Around the Bend
February 2005With Congressional go-ahead, a new national park and $30 million museum begins to take shape
Ten thousand years ago, Native Americans lived and prospered along the banks of the Tennessee River. With its later occupation by the Chickamauga Cherokees and by Union military forces in the 19th Century, the Moccasin Bend was recognized as a site of such historical significance that as early as the 1920s Chattanooga Times owner Adolph Ochs was calling for the area to be secured as a national park.
After much maneuvering in Washington, the state signed a letter of intent in October to transfer 220 acres to the Chickamauga and Chattanooga National Military Park. Now, through the efforts of leaders from the state, the city of Chattanooga and Hamilton County and a significant push from U.S. Rep.

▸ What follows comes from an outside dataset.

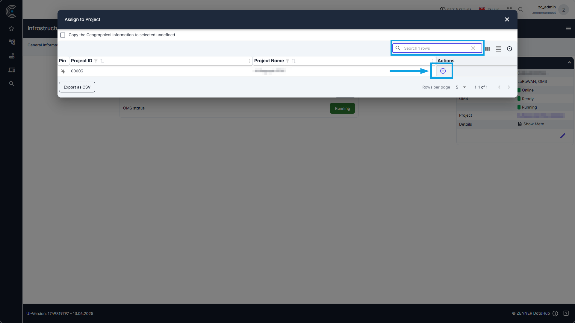 Select the relevant project you want to assign the component to from the shown list and simply click on the “+” button next to it. The infrastructure component is now assigned to the respective project.
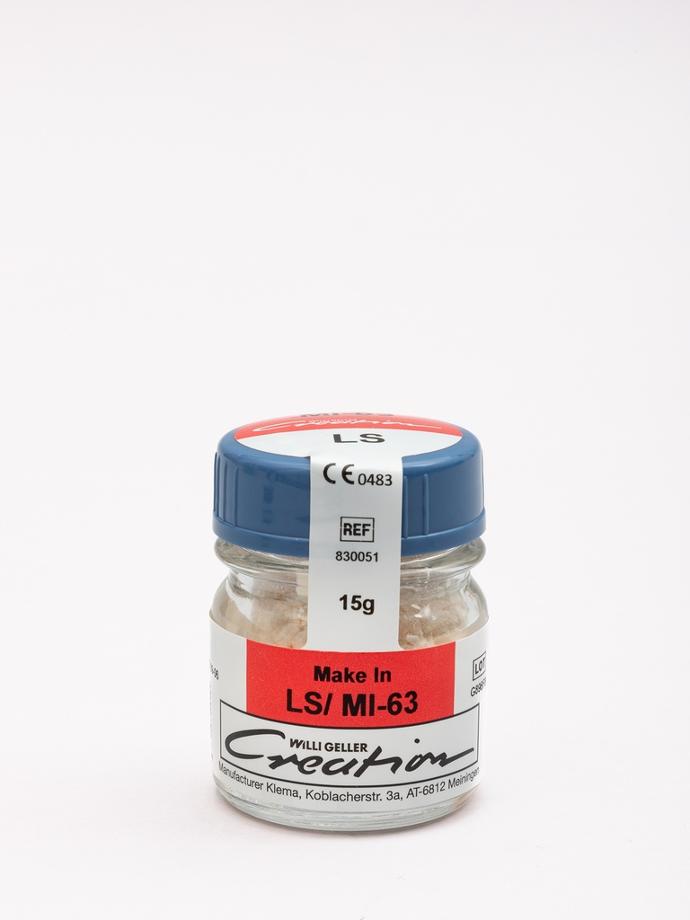 LS/ Make In è la massa ceramica di Creation applicata in fase di stratificazione degli effetti interni per ricreare i mammelloni, dandogli la forma adatta. Le masse Make In sono disponibili in 2 colori iridescenti MI-61 a MI-63.

Zach Wamp, plans are taking shape to build a $30 million museum and educational center at the entrance to the park and to protect the numerous valuable archeological sites on Moccasin Bend.
While the idea of a national park emphasizing Native American heritage is not new, an ultimately 800-acre archeological and educational area across from downtown has the obvious potential to inject new tourist vigor into an area already noted for its family attractions. Early plans for the museum and a Trail of Tears Interpretive Center—on land bought from businessman Pete Serodin for $1.15 million—would make the center visible from the Tennessee Aquarium, the hub of Chattanooga’s growing tourism efforts.
City of Chattanooga officials say the average stay for visitors to the area is 2.5 days. The addition of the Interpretive Center could lengthen a visit to Chatta- nooga by at least a half-day, enough to persuade day-trippers to stay overnight. The tourism potential of similar centers is best demonstrated by the Red Earth Museum in Oklahoma City, which draws more than 300,000 visitors a year for its collection of Native American artifacts and art; a few blocks away, a new American Indian Cultural Center is under construction on 600 acres donated by the city.
Late last year, Congress appropriated $400,000 for a development concept plan for the Moccasin Bend project, which Chattanooga Mayor Bob Corker terms “an important and distinctive asset.” Implementation could take as long as a year and will begin with a series of public meetings giving opportunities for input from interested parties, including Native Americans. Native American leaders initially wanted Moccasin Bend ceded back to the Cherokees because of the significant presence of Native American burial sites, but they mostly have come to accept the prospect of a national park and museum. They surely will be even more comfortable if Chattanoogan Harley Grant, a former chairman of the Tennessee Commission on Indian Affairs, is correct in expecting the center to induce private collectors and museums to return many artifacts taken from archeological sites on Moccasin Bend.
Archeological studies funded by the nonprofit Friends of Moccasin Bend National Park have found evidence that several groups of Cherokees set out from an assembly point at Ross’s Landing in downtown Chattanooga in 1838 during their forced exodus to the West, and some of these groups of Cherokees went across Moccasin Bend as they began their “Trail of Tears.”
Today, Shelley Andrews, executive director of Friends of Moccasin Bend National Park, says the Aquarium is very supportive of proposals to make a spot beside it on Ross’s Landing a dock for water taxis shuttling visitors to the entrance of national park. No doubt those trips will make a joyous contrast to the exodus there 167 years earlier.